Macchina core2duo (amd64)

hibernate-ram e hibernate su tuxonice-sources, viaggiano   :Very Happy: 

Cmq per il suspend to ram non serve la resume partition.

Hai controllato i log di hibernate al successivo riavvio? magari il problema è lì

----------

## bandreabis

 *oRDeX wrote:*   

> My experience:
> 
> Macchina core2duo (amd64)
> 
> hibernate-ram e hibernate su tuxonice-sources, viaggiano  
> ...

 

A me proprio non funziona con i suspend2. Proverò con tuxonice-sources.

Il mio sistema è questo, possibile che qualche componente dia disturbo?

----------

## djinnZ

da dannATO possessore di bestia simile... ATI Radeon Xpress 200M

verifica la versione di fglrx, con le ultime sembra funzionare ma bada ben bada ben... non funziona una cippa, tanto per cambiare.

----------

## bandreabis

 *djinnZ wrote:*   

> da dannATO possessore di bestia simile... ATI Radeon Xpress 200M
> 
> verifica la versione di fglrx, con le ultime sembra funzionare ma bada ben bada ben... non funziona una cippa, tanto per cambiare.

 

Quindi la colpa è della dannata ATI?

Ma nessun workaround nessuno?

----------

## djinnZ

cerca sul forum internazionale ho visto di recente qualcosa, io ho rinunciato a compiz sul portatile per disperazione (ma tanto so che poi mi passa e ricomincio) e mi sono rivolto agli open, se non altro non skiantano ogni 30 secondi e visto che uso il kernel hardened... 

In ogni caso mi pare (verifica!) che devi fermarti agli 8.40.2 secondo il sito ati.

----------

## bandreabis

Non riesuma nemmeno da console senza nemmeno radeonfb.   :Crying or Very sad: 

----------

## randomaze

Il thread é un pò vecchio, sapete tutti come fare, ma non si sa mai:

 *nanaki82 wrote:*   

> allora, ho un ati x200m e ho installato i driver x11-drivers/ati-drivers-8.25.18 con accept_keyword.
> 
> 

 

Il meccanismo ACCEPT_KEYWORDS="~x86" emerge qualcosa é assolutamente disdicevole e deprecato (oltre che fastidioso e di difficile manutenzione). 

Nell'apposita sezione del manuale é spiegato nel dettaglio come usare /etc/portage/package.keywords.

----------

## bandreabis

 *randomaze wrote:*   

> Il thread é un pò vecchio, sapete tutti come fare, ma non si sa mai:
> 
>  *nanaki82 wrote:*   allora, ho un ati x200m e ho installato i driver x11-drivers/ati-drivers-8.25.18 con accept_keyword.
> 
>  
> ...

 

Acc.... speravo in buone notizie...   :Sad: 

----------

## bandreabis

ciao... ho reinstallato gentoo... sto reinstallando...

Niente X ma nemmeno niente resume... qual è il problema?

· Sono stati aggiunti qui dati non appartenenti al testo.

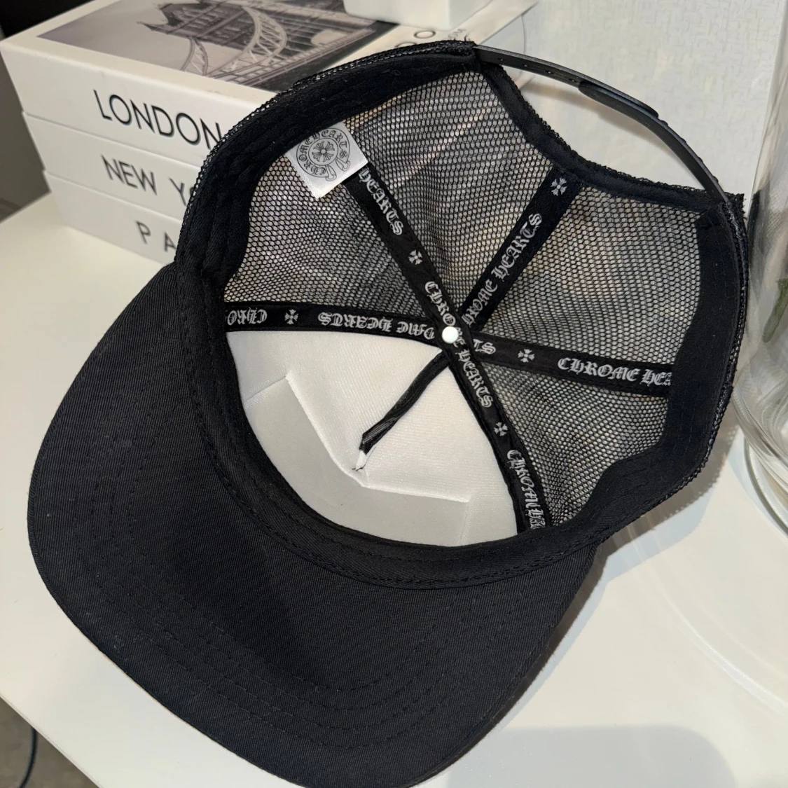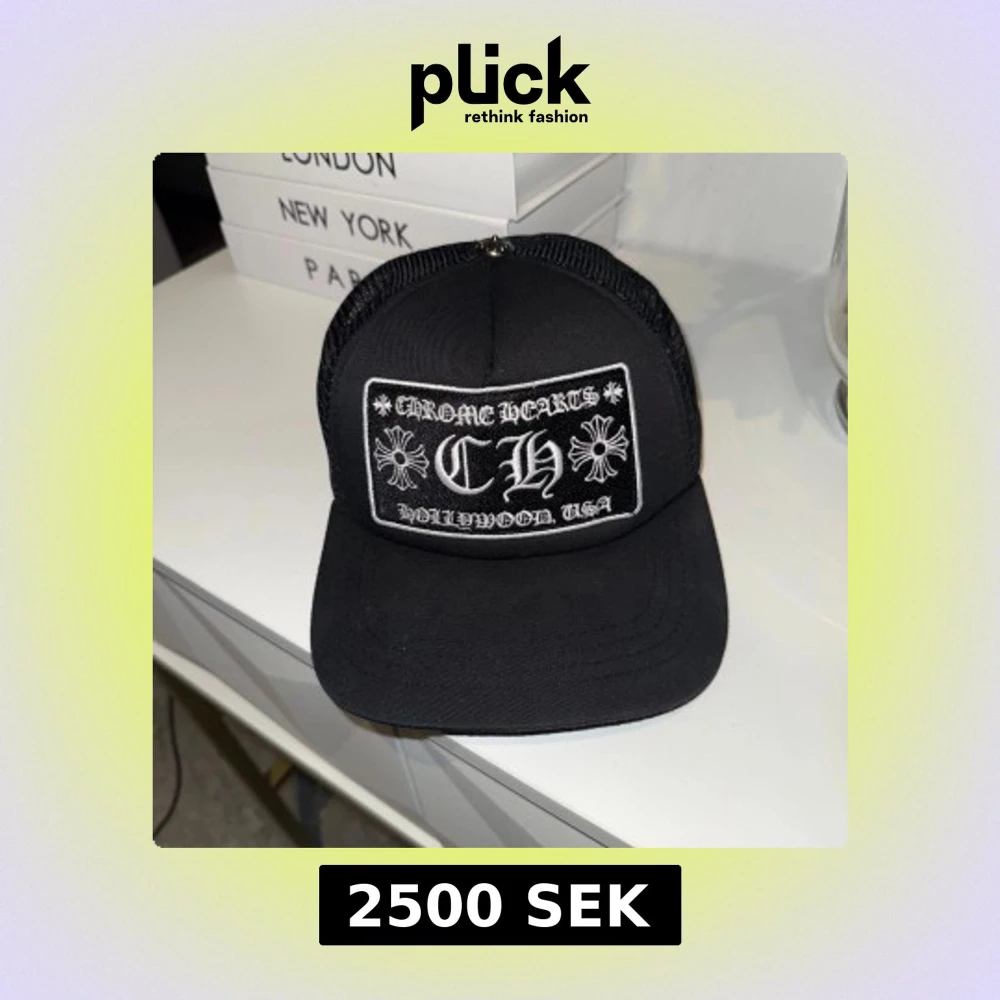 Snygg svart truckerkeps från Chrome Hearts med vit broderad patch framtill och ikoniska CH-detaljer. Kepsen har mesh på baksidan för extra ventilation och justerbar snapback. Perfekt för dig som vill sticka ut med streetwear-vibe.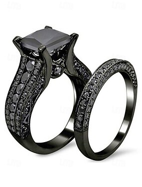 set di anelli da uomo con pietra nera, stile gotico vintage in lega con gemma a taglio quadrato, opzioni multicolore per fedi nuziali, fidanzamenti, feste e abbigliamento casual quotidiano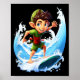 Affiche X-mas Christmas Elf Riding Surfboard Surfboard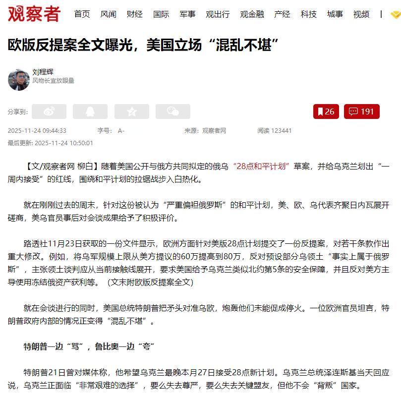 为什么俄罗斯宁愿信美国也不给欧盟好脸色?看看欧盟做的那些事就知道了。2022 年冲突爆发后火速推出 15 轮制裁,冻结俄 2200 亿美元资产;2024 年 6 月敲定长期军援,累计援乌超 596 亿欧元,如今 11 月欧版反提案刚曝光,满是俄无法接受的修改。反观美国虽内部表态自相矛盾,却始终留着谈判余地,这般对比下,俄的选择也就不难理解了! 现在俄乌和平谈判的热闹劲儿,光看表面根本摸不透,欧洲刚甩出反提案,美国那边表态还没捋顺,俄罗斯直接就给欧版方案判了“死刑”,再加上战场上火力一点没减,这哪是谈和平,更像各方在借着文本博弈较劲。 最直接的硬茬来自俄罗斯。克里姆林宫官方直接给欧版反提案定了调,说它“完全没有建设性,对俄罗斯根本不合适”,这话可不是随便放风,是普京的外交助理乌沙科夫公开说的,等于把欧洲的修改意见直接打了回去。 更关键的是,俄方嘴上说谈,手里的动作没停,赫尔松地区照样遭密集炮击,苏梅的居民区也被打击,平民伤亡的消息不断传来,这明摆着是“以打促谈”,用战场压力逼对手让步。 在俄罗斯看来,欧洲把乌军规模提到80万,还删了“乌克兰永不入约”的条款,这根本不符合他们要的“去军事化”“中立化”,相当于核心诉求全没满足,自然懒得跟你磨文本。 欧洲这边抛出反提案,可不是单纯跟美国对着干,背后藏着实实在在的利益盘算。欧盟早就联合德国、法国这些国家搞了个“乌克兰重建计划”,专门拨了3700多万欧元,要帮乌克兰搞基建、建透明的管理机制,还拉上了立陶宛、丹麦一起出钱出力。 说白了,欧洲已经砸了真金白银,肯定不能让美国随便拍板,把乌克兰的领土、安全保障这些关键事定下来,最后自己来收拾烂摊子。 他们改条款也都是冲着实际利益来的:提高乌军规模,是怕乌克兰太弱,以后冲突再爆发,难民、能源危机又得欧洲扛。 要求美国给类似北约第5条的保障,是想把美国绑死在乌克兰问题上,不让它半路抽身;反对美国主导冻结的俄资产,也是怕重建资金被美国把控,自己的投入打了水漂。 再看美国那乱糟糟的样子,根本不是简单的“表态矛盾”,而是连外交流程都乱了套。 之前美版28点计划说是美俄私下起草的,结果特朗普自己都是“最后一刻才知道”,国务卿鲁比奥一开始都被排除在谈判之外,完全绕过了正常的外交渠道。 这边陆军部长德里斯科尔跟乌方谈完还说“挺乐观”,白宫却放话,特朗普对俄乌双方都“越来越失望”,觉得他们不真心想和平。 鲁比奥刚说最后期限可以商量,特朗普又在社交媒体甩锅,一会儿骂乌克兰不懂感恩,一会儿说欧洲买俄石油,这种内部信息都不通畅的操作,难怪欧洲官员都吐槽他们“混乱不堪”。 说到底,特朗普是想在大选前赶紧搞出个“外交成果”,至于欧洲的利益、乌克兰的底线,都得给这个目标让路,可急功近利之下,连自家的表态都圆不上了。 其实现在的核心问题早就不是条款改几个字、军力上限提多少,而是各方对“和平”的理解根本不在一个频道。 俄罗斯想要的是能把占领土合法化、让乌克兰彻底失去对抗能力的“投降书”,欧洲想要的是不埋隐患、能稳住区域局势的“停战协定”,美国则想靠快速达成协议捞政治资本,乌克兰夹在中间只能硬守主权红线。 欧盟砸钱搞重建,本意是为了战后稳定,可现在战场还在打,文本谈判又陷入僵局,这些投入能不能落地都成了未知数。 说到底,和平从来不是靠纸上改条款就能实现的。俄罗斯要是真想买单,就该停了对居民区的打击。 美国要是真为了止战,就该先理顺自己的立场,别光想着政治投机;欧洲的反提案再好,没有俄方的认可也只是废纸一张。 如果各方只盯着自己的利益,一边谈一边打,就算把28点改成18点、8点,也只是换汤不换药。 真要实现和平,得先停下炮火,尊重每个国家的主权和底线,而不是把谈判桌当成博弈的工具,把老百姓的安危当成筹码。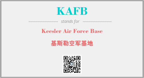 上述内容是“Keesler Air Force Base”作为“KAFB”的缩写,解释为“基斯勒空军基地”时的信息,以及英文缩略词KAFB所代表的英文单词,其对应的中文拼音、详细解释以及在英文中的流行度和相关分类、应用领域及应用示例等。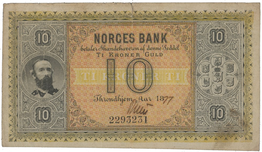 10 kroner 1877. 2293231. Signert Meier. Brettrift oppe/fold tear.

Avere un sistema ATI/AMD????

Se è così non ci perdo nemmeno più un istante.... porc....ane

----------

## Alakhai

Ho un amico che ha una scheda ati e neanche a lui funziona il suspend aimè, però con gli ultimi driver almeno è riuscito a far funzionare compiz-fusion. Ha usato l'overlay di sabayon che lo trovi con layman, non so consigliarti altro, intanto inizia da lì

----------

## bandreabis

 *Alakhai wrote:*   

> Ho un amico che ha una scheda ati e neanche a lui funziona il suspend aimè, però con gli ultimi driver almeno è riuscito a far funzionare compiz-fusion. Ha usato l'overlay di sabayon che lo trovi con layman, non so consigliarti altro, intanto inizia da lì

 

Io compiz-fusion NON lo voglio.   :Twisted Evil: 

----------